I don’t think that a single alderman will come out against spot zoning for St. Al’s — they have too much to lose. Jim Shrewsbury probably will come out against it, but he has a position that safely allows him to do such things — and he’s angling for higher office.
What about the supposed progressives like Florida, Krewson and Troupe?
That’s right! Looking the other way.
Looking back, when the Century development plan went through the Board of Aldermen, was there a single member who spoke out publicly against the project? I don’t think so. That would have been a violation of aldermanic courtesy.
The St. Aloysius case is the next opportunity to see whether aldermanic courtesy trumps progressive development policies. It probably will. The standard response usually goes something like, “Sorry, that isn’t my ward.”
[quote] What about the supposed progressives like Florida, Krewson and Troupe? [quote]
It takes more to be progressive than to be pro-choice and pro-gay. I wonder how long it will take city Democrats to figure that out.
(and I’m not even a progressive myself)
The Zoning Section is part of the Building Division, not BPS. They still handle routine zoning compliance and permitting requests, such as home occupancy waivers.
That’s part of the problem – planning and zoning are divorced from each other, unlike in most municipalities. Zoning is located at City Hall; planning is over at 1015 Locust.

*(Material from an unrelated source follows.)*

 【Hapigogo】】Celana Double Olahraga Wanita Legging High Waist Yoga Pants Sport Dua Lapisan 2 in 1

And Cultural Resources is an anomaly within PDA. They mainly deal in routine permitting stuff, which is actually a lot more akin to the Building Division at City Hall.

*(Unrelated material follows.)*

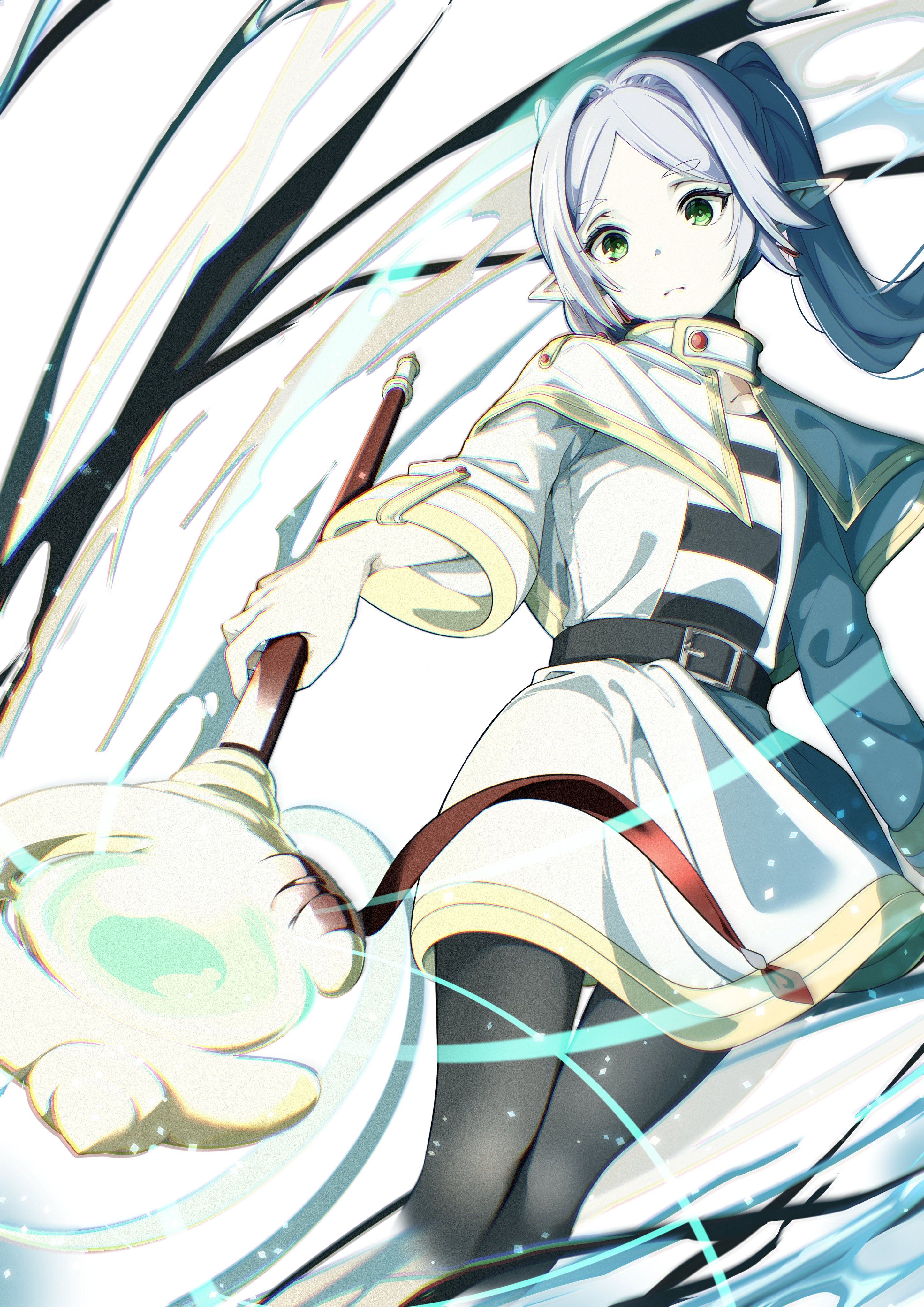 1girl absurdres black_leggings casting_spell elf feathermage frieren green_eyes highres holding holding_weapon leggings long_hair mage_staff pointy_ears sousou_no_frieren staff weapon white_hair

In fact, until 1999 (the great Harmon/Hoge reorganzation) when PDA was created, the Heritage Commission (predecessor to CRO) was technically part of the Building Division, albeit housed at and funded by CDA.
The Zoning Section is part of the Building Division, which is part of the Public Safety Department, which is part of Board of Public Service. Thus, Zoning is within BPS, just an indirect line of authority.

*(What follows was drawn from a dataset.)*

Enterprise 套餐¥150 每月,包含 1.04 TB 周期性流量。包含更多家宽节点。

But Joe is completely right about the “development” agencies (PDA, CDA, SLDC) being separate from the BPS or “public works” agencies (Public Safety, Streets, Parks, Utilties, Health). Such unusually grouped yet divided functions are confusing to the public, businesses and developers.
Sorry, I meant “‘public works’ departments” not “agencies.” PDA, CDA and SLDC are City agencies (though SLDC actually an independent non-profit), but BPS is comprised of City departments.
Intuitively, Building, Zoning and Neighborhood Stabilization should not be under Public Safety, but ideally with Planning (Bldg & Zoning) and Community Development (NS0s). But PDA and CDA rely on block grant funding instead of general revenue, likely limiting such reorganization. Otherwise, the directors of PDA and CDA should at least sit on the BPS with other City department directors.
Yet perhaps the complexity and confusion are intentional. As such, developers are at the mercy of the alderman as their personal ombudsman. Becoming friend or foe to a project, the alderman can then employ aldermanic courtesy to pressure citizen boards and other aldermen to vote accordingly at various steps in the complex process.
The Suburban Journal ran a story about the plan to demolish St. Aloysius for a new housing project.
The alderman and parish priest emphasized that no one in the area they knew of opposed the plan.
They said they hadn’t heard any opposition to it until the Preservation Board meeting.
They restated that old St. Al’s parishioners would be emotionally damaged to see the church go toward another use.
Alderman Vollmer was quoted about his plan to remove the property from the Preservation Review Ordinance.
How does a disconnect like this happen? Only west of Kingshighway perhaps?